An Egyptian security official said that troops opened fire on Gazans who had illegally crossed into the Egyptian Sinai, where the army has created a buffer zone to prevent the movement of militants.
“Soldiers charged with protecting the frontier fired at six Gazans, of whom three succeeded in returning to Gaza while three were arrested. One was probably hit by the fire,” an official said.
Gaza emergency services spokesman Ashraf al-Qudra said that Houbi was 17 years old.
He was killed in the Gaza frontier town of Rafah by Egyptian soldiers firing from across the border, Qudra said.
The border troops shot the youth “in the back and the bullet settled in the heart. He died on the spot,” he told AFP.
He was the first Palestinian Arab “to have been killed in a long time” along the border between the Gaza Strip and Egypt, according to Qudra.
An eyewitness told AFP that Houbi and three others scaled a concrete wall on the border hoping to find work on the Egyptian side.

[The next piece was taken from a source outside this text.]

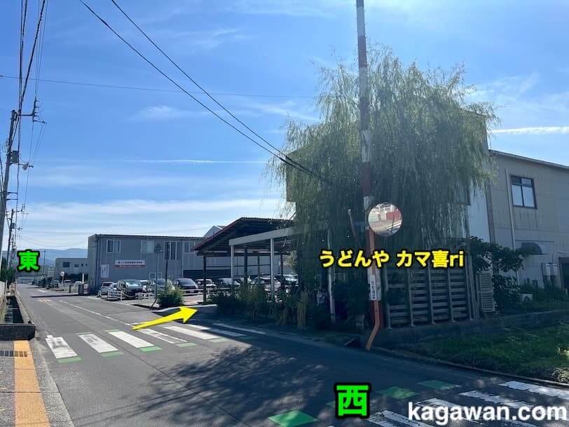 うどんや カマ喜riの駐車場は、敷地の奥側にあります。

His mother, Sarah al-Houbi, 35, said that he had “left home to look for work” adding that her husband was unemployed and the family stricken by the poverty rampant in Gaza.
She said that he was not a member of any terror group and had tried several times to get into Egypt but was sent back each time.
Buffer zone
Egypt announced on Tuesday that work to double the width of a buffer zone along the Gaza border would begin next week to prevent terrorists infiltrating from the Palestinian Arab enclave.
Construction of the 500-meter (550-yard) buffer zone along 10 kilometers (six miles) of the border comes after an October 24 suicide bombing that killed 30 Egyptian soldiers. Some 800 homes are being demolished in the process.
After that incident, Egypt declared a three-month emergency in parts of North Sinai and closed the Rafah border crossing for two months.
The crossing is Gaza’s only gateway to the outside world not controlled by Israel.
Egypt suspects Palestinian terrorists of aiding jihadist attacks against its security forces, which have increased since the army ousted Islamist president Mohamed Morsi last year.
The Egyptian army has also stepped up the destruction of tunnels from Gaza it says are used to smuggle arms, food and money by Palestinian terror group Hamas which controls the territory.
Cairo says it has destroyed more than 1,600 tunnels since Morsi’s ouster.